• Task details: Leave the pictures out. Return all other data exactly.

• Data section:
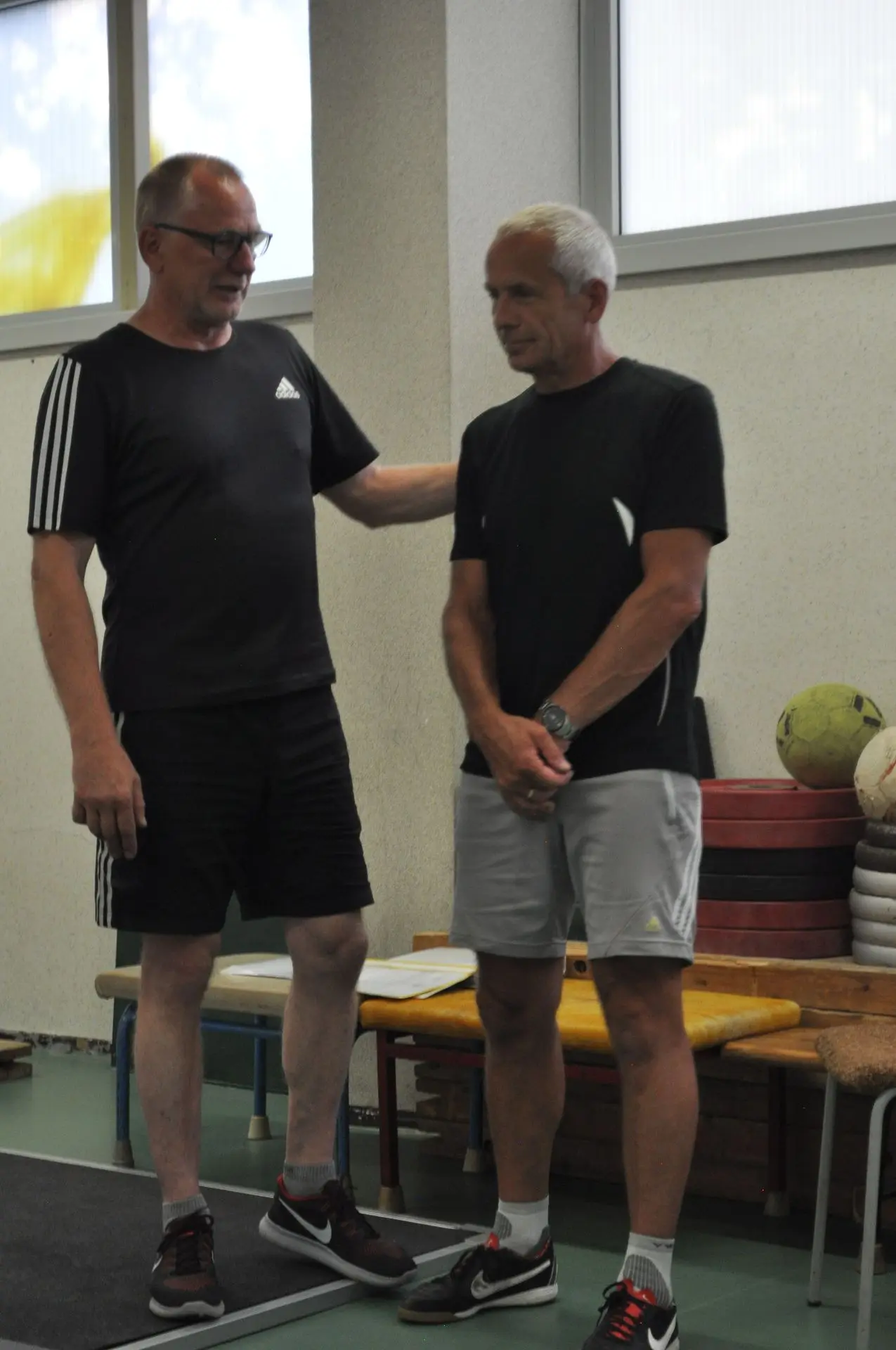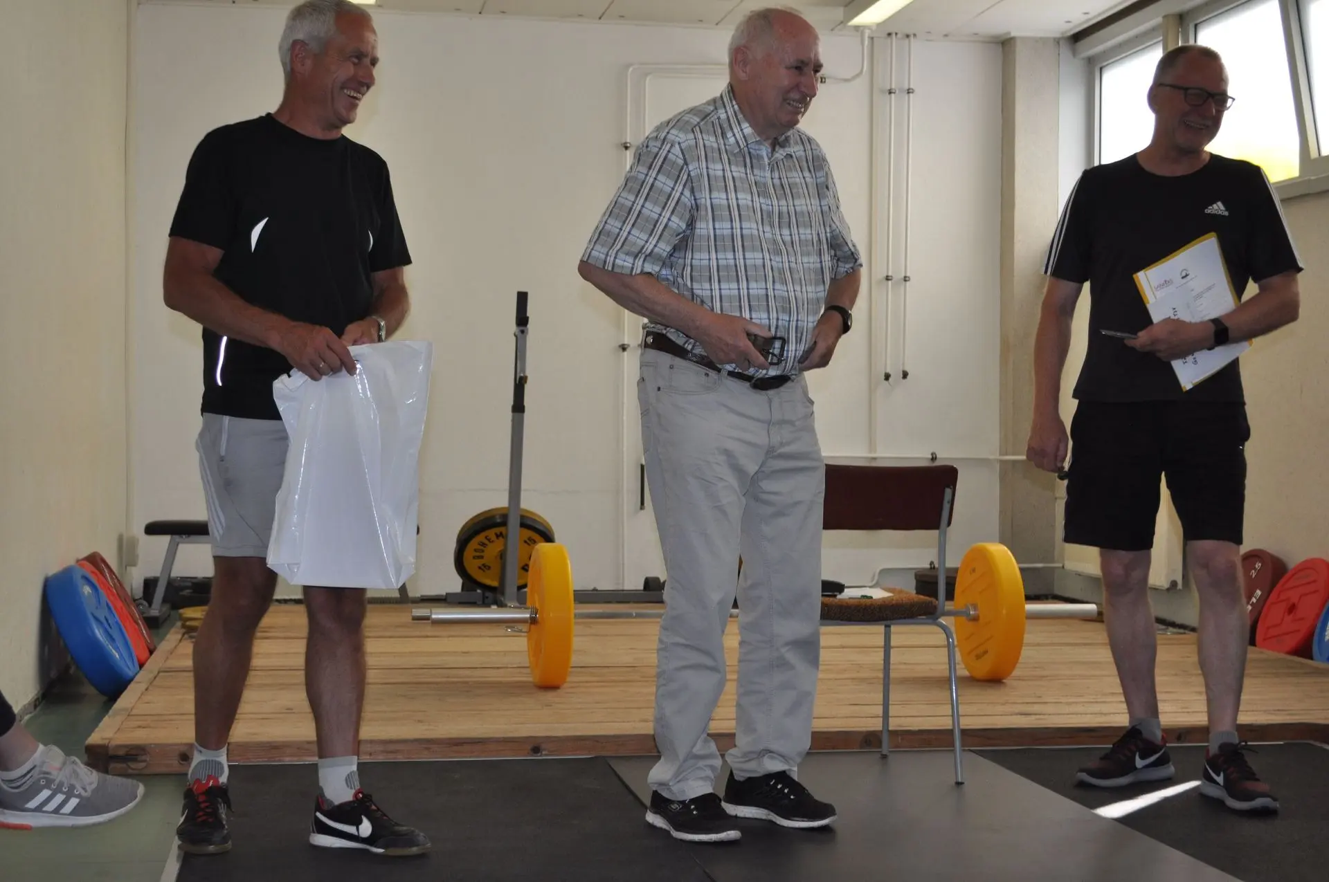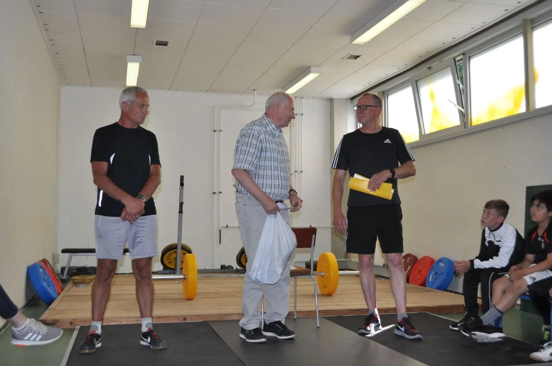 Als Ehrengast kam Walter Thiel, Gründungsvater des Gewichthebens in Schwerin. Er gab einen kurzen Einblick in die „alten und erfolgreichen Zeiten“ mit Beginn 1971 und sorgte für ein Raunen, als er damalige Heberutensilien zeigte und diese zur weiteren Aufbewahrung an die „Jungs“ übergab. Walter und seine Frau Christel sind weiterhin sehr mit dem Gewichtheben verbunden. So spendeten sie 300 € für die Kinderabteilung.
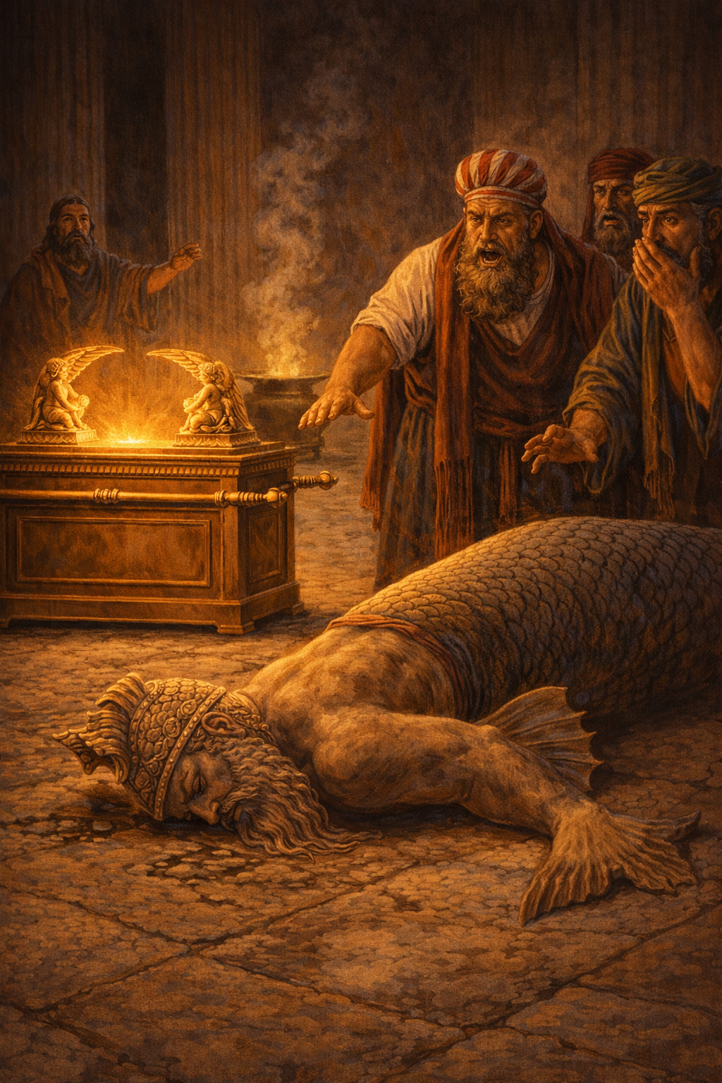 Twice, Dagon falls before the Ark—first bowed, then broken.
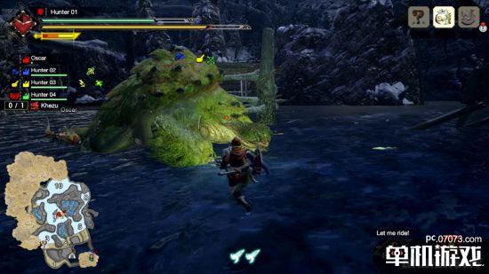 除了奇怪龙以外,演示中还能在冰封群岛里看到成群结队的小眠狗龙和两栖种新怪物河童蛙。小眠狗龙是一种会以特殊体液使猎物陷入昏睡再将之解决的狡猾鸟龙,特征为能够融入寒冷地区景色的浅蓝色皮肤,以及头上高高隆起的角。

• Answer for this exercise:
 Als Ehrengast kam Walter Thiel, Gründungsvater des Gewichthebens in Schwerin. Er gab einen kurzen Einblick in die „alten und erfolgreichen Zeiten“ mit Beginn 1971 und sorgte für ein Raunen, als er damalige Heberutensilien zeigte und diese zur weiteren Aufbewahrung an die „Jungs“ übergab. Walter und seine Frau Christel sind weiterhin sehr mit dem Gewichtheben verbunden. So spendeten sie 300 € für die Kinderabteilung.
 Twice, Dagon falls before the Ark—first bowed, then broken.
 除了奇怪龙以外,演示中还能在冰封群岛里看到成群结队的小眠狗龙和两栖种新怪物河童蛙。小眠狗龙是一种会以特殊体液使猎物陷入昏睡再将之解决的狡猾鸟龙,特征为能够融入寒冷地区景色的浅蓝色皮肤,以及头上高高隆起的角。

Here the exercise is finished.